NMR data were processed using TOPSPIN (Bruker, Billerica, MA) and analyzed using SPARKY (T. D. Goddard and D. G. Kneller, SPARKY 3, University of California, San Francisco). Structure calculations were performed using CYANA version 2.1 with 25,000 steps for each structure. Distance restraints were calibrated automatically using CYANA routines. Hydrogen bond restraints were included only in later stages of calculations when they could be identified in a majority of structures. A total of 119 backbone φ and ψ dihedral angle restraints calculated using TALOS were employed in the calculations. For the final round of calculations, 500 structures were calculated in CYANA, and the 50 with the lowest target function were energy-minimized using AMBER 937 with 3,000 steps of steepest descent energy minimization. Energy-minimized structures were analyzed with AQUA and PROCHECK-NMR. The final ensemble consists of the 15 structures with the lowest energies and the best non-bonded backbone geometry. Chimera was used for visualization of structures and for producing figures. Delphi was used for calculating the electrostatic surface potentials. The E. coli αCTD model used for electrostatic surface potential calculations came from PDB ID 1LB2. The PDB accession code for the ensemble of Helicobacter pylori αCTD is 2MAX and the BMRB accession number is 19380.

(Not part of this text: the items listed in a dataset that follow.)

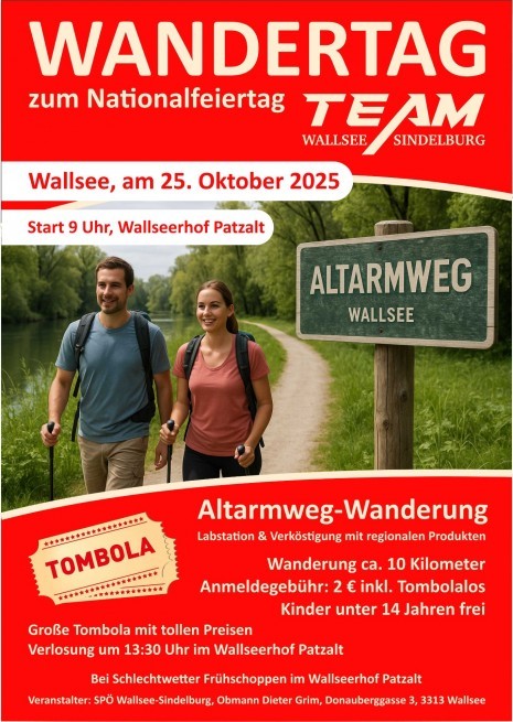 Wanderung um den Donau-Altarmweg mit Labstation - Start um 09:00 Uhr im Wallseerhof Patzalt - Ziel mit Tombola auch im Wallseerhof Patzalt. Genauere Infos folgen noch.
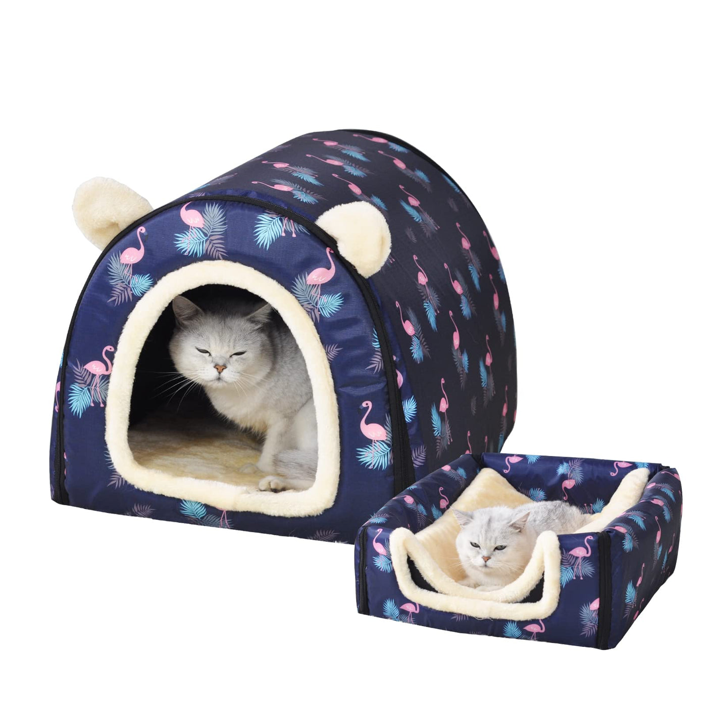 Cat Bed Or Dog Bed,2 Ways To Use,Indoor Pet House With Fluffy Mat,Removable And Washable Cover,Splash-Proof House And Non-Slip B
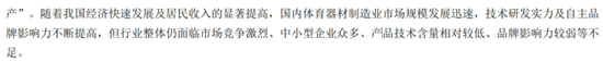 上市前,公司还算谦虚——作为行业内少数综合性体育器材供应商,产品主要

Determination of the stability of the secondary structure by circular dichroism
Samples of αCTD and αCTD325 were prepared at 50 µM in 0.15M NaCl, 25 mM NaH2PO4, pH 7.5. Thermal melting experiments were performed on Applied Photophysics Chirascan CD spectrometer in 1 mm cuvette. The temperature was incremented by 1°C per 2 min with 280–200 nm wavelength scan at each temperature point between 5 and 90°C. The data were fitted to 4 or 6 parameter equations using XLSTAT nonlinear regression routine.

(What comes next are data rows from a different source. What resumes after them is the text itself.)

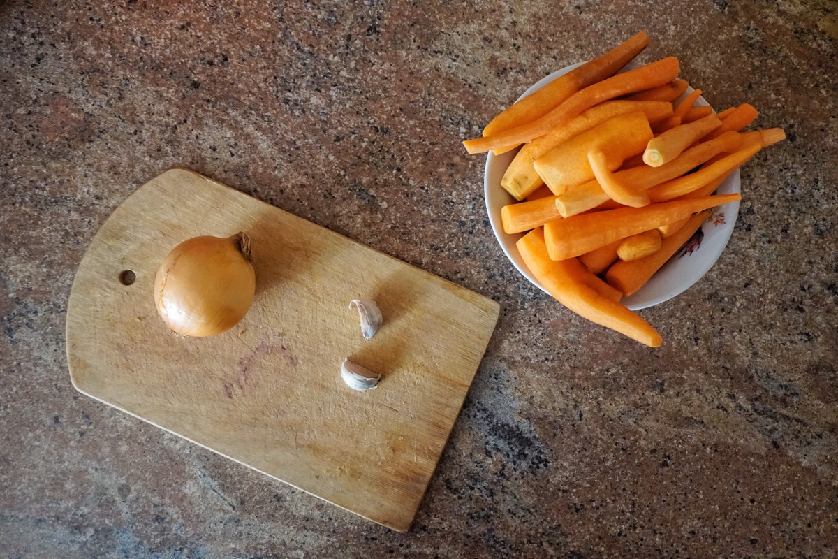 ⠀⠀Сковородку снял с огня, достал кастрюлю для супа. И приступил к резке лука. Луковицу очистил, разрезал пополам и нашинковал. Зубчики чеснока раздавил ножом, после чего снял кожуру. В кастрюлю налил растительного масла, по богатому. Лук и чеснок загрузил туда и стал тушить до размягчения первого. После чего добавил кусок сливочного масла, грамм 25 и порезанную на кружки морковь. Продолжил тушить еще какое то время. Затем залил содержимое кастрюли водой. Воды взял столько, чтобы она только только закрыла морковь. Довел до кипения, убавил огонь и варил до мягкости моркови. Параллельно поставил кипятиться чайник.
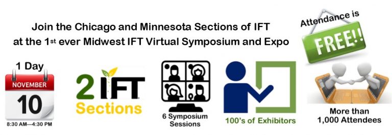 Chicago and Minnesota Sections of IFT have joined together to launch the Midwest IFT Virtual Symposium and Expo on November 10, 2020 replacing the CSIFT November 4, 2020 in-person event and bringing exhibitors from all parts of North America to your desktop.
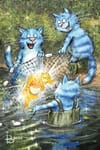 Открытка. Синие коты. Золотая рыбка
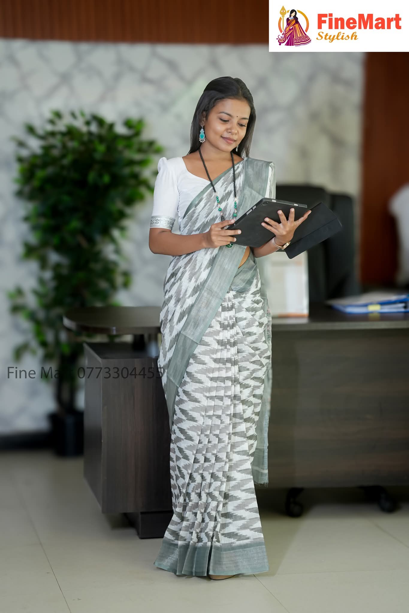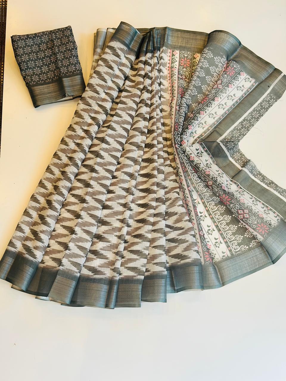 LINEN COTTON SAREE WITH PRINTED BLOUSE
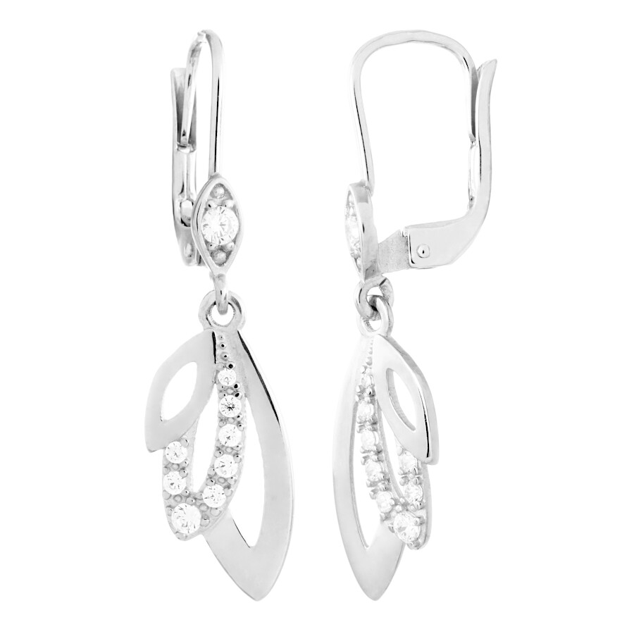 Náušnice visací bílé zlato Listy se zirkony
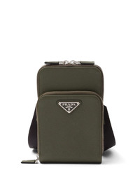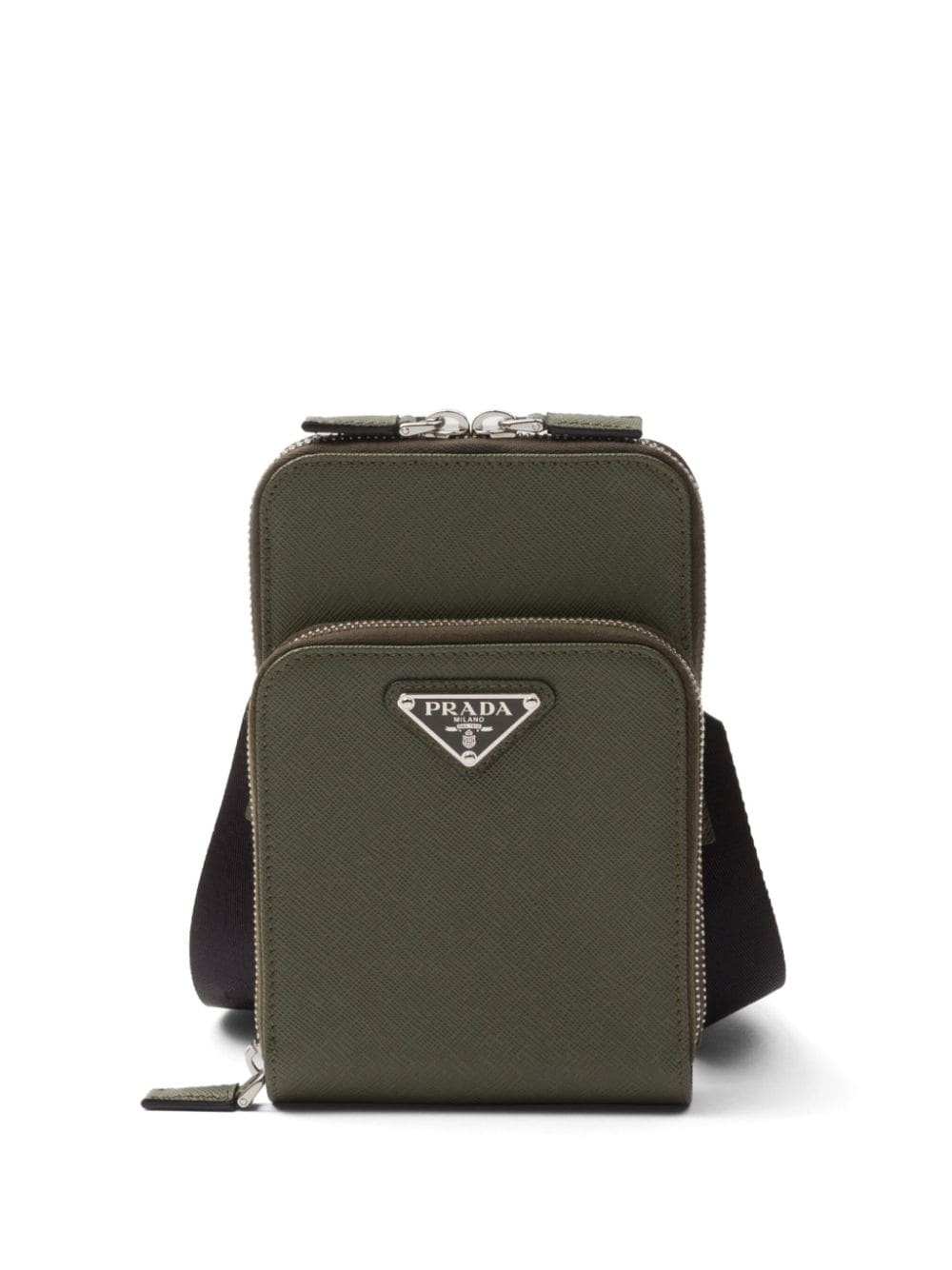 Saffiano leather smartphone case Highlights - Dark green - Saffiano leather - Enamel triangle logo - Adjustable shoulder strap - Zip-fastening pocket - All-around zip fastening Composition Outer: Calf Leather 100% SIZE & FIT Measurement WIDTH 4.52 in(11.5 cm) HEIGHT 7.08 in(18 cm)

Electrophoretic mobility shift assays
The binding reactions were carried out in 10 mM Tris, 100 mM KCl, 3 mM MgCl2, 50 µM NiSO4, pH 7.9. DNA fragments were purchased (IDT, USA) as duplexes at 1 µmole scale and used without further purification. DNA fragments (2.5 ng per reaction, ∼8 nM) were incubated with proteins in 10 µL at 22°C for 30 min in 96-well plates. Because the operation of electrodes of an electrophoresis apparatus is rapidly degraded by Ni2+ ions, we ran the apparatus with reversed polarity of electrodes using dummy polyacrylamide gel in 2 mM EDTA containing Ni2+ free buffer for 2 h before using the apparatus. Electrophoresis of binding reactions was performed at 5°C using 9- or 18-well 14% polyacrylamide gels (10 × 8 cm, acrylamide:bis-acrylamide 29:1) polymerized in and resolved for 2 h with a buffer containing 50 mM Tris, 25 mM boric acid, and 50 µM NiSO4, pH 8.45. Before loading the samples, gels were prerun for 10 min 120 V, and the electrophoresis buffers were replaced. Immediately before loading, 10 µL of 30% glycerol in binding buffer was added to each sample, mixed and the 20-µL samples were loaded simultaneously onto a running gel (120 V) using an 8-channel pipettor. After electrophoresis, gels were fixed for 20 min, at 5°C in 10% acetic acid, 40% ethanol, and stained for 1 h with GRGreen nucleic acid stain diluted 20,000 times (GRGreen 10,000 stock, Excellgen). Gels were photographed in a dark-box from a 25 cm distance through a 590 nm orange bandpass filter using a digital video-camera (Sentech 152USB, 20 FPS, ½” sensor 1360x1024, 1:1.4/12.5mm Fujinon lens) and a blue light transilluminator (Dark Reader, Clare Chemical, USA) with exposure times of 30 s. Apparent affinities were estimated based on protein concentrations present in reactions showing equal amounts of unshifted and shifted DNA.